Злость, обида. Брошенные трубки. Раздумья, раскаяние. Звонок.
- Прости меня.
Молчание, вздохи.
- Завтра приедешь?
- Конечно.
- Я жду...
Темный город, холодный дождь, остановка. И все автобусы, конечно же, в парк. Мимо летели автомобили, осыпая брызгами - никто не останавливался.
Он опять забивался под козырек рядом с ларьком. Набирал один и тот же номер. Но линия была перегружена.

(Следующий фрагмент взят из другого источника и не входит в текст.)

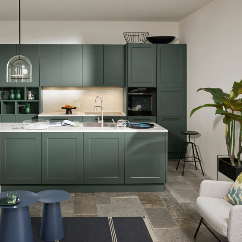 Das Interliving Fronten Programm 3440 verbindet traditionelle Rahmenoptik mit einer ruhigen, matten Oberfläche und schafft so eine zeitlos elegante Landhausküche. Die dezente Kontur und harmonische Farbwelt sorgen für eine warme, stilvolle Ausstrahlung in Küche, Wohn- und Essbereich.

И безжалостные часы показывали, что осталось совсем мало времени, а дождь все усиливался.
И, безусловно, нужно было ехать, нужно было, чтобы ответили. Ведь еще ждут. Конечно ждут.
И осознавая, что никуда уже не успеет, он ринулся прочь от остановки, сорвался на бег.
Жгучие струи хлестали по лицу, порывы ветра едва не сбивали с ног. И все дома, все улицы и перекрестки так были похожи друг на друга в этом хаосе, что казалось, - он вновь и вновь возвращается на то же самое место. Точно злой дождь закрутил водоворот всех его дорог и путей. И теперь не вырваться.
А ему никак нельзя было сегодня опять не добраться до нее. Он чувствовал это. Потому бежал. Задыхаясь, запинаясь... Словно это безумное бегство могло искупить все неисполненные желания и несдержанные обещания.
Когда сил уже не осталось, он сел на скамейку в незнакомом дворике, куда его принес круговорот грозы, и лишь одна мысль мучила его: Почему так все изменилось? Почему?.
...Но разговор случился только через месяц. Неожиданно.
- Понимаешь, для меня это все как-то... некрепко, что ли. Странно даже иногда. И нелепо, - говорила она. - С самого начала так было. Я постоянно сомневаюсь. Мне нужно время.
- Время? Зачем? Все можно поправить и так, - уверял он.
- Дело не в тебе, дело во мне.
- Что за банальности ты говоришь!
- Но это правда...
А потом было лето, и отпуск порознь. И кто-то другой на берегу у костра заглядывал в ее глаза и шептал: Я тебя не забуду. Никогда И она понимала. Что уже не вернется. Что не может, не должна. Она улыбалась, смеялась и держала в своих ладонях другие руки, но на душе было пусто и горько. И страшно становилось, что так будет всегда, что в этом мире вечно лишь такое: некрепкое и ненадежное. Ни небо, ни звезды не имеют значения, ни даже душа, парящая в небе бумажным самолетиком.
Случайное, нелепое, непрожитое, не сохраненное, внезапно оборванное и напрасное...
Она даже написала ему письмо.
Но не отправила...
Август 2002г.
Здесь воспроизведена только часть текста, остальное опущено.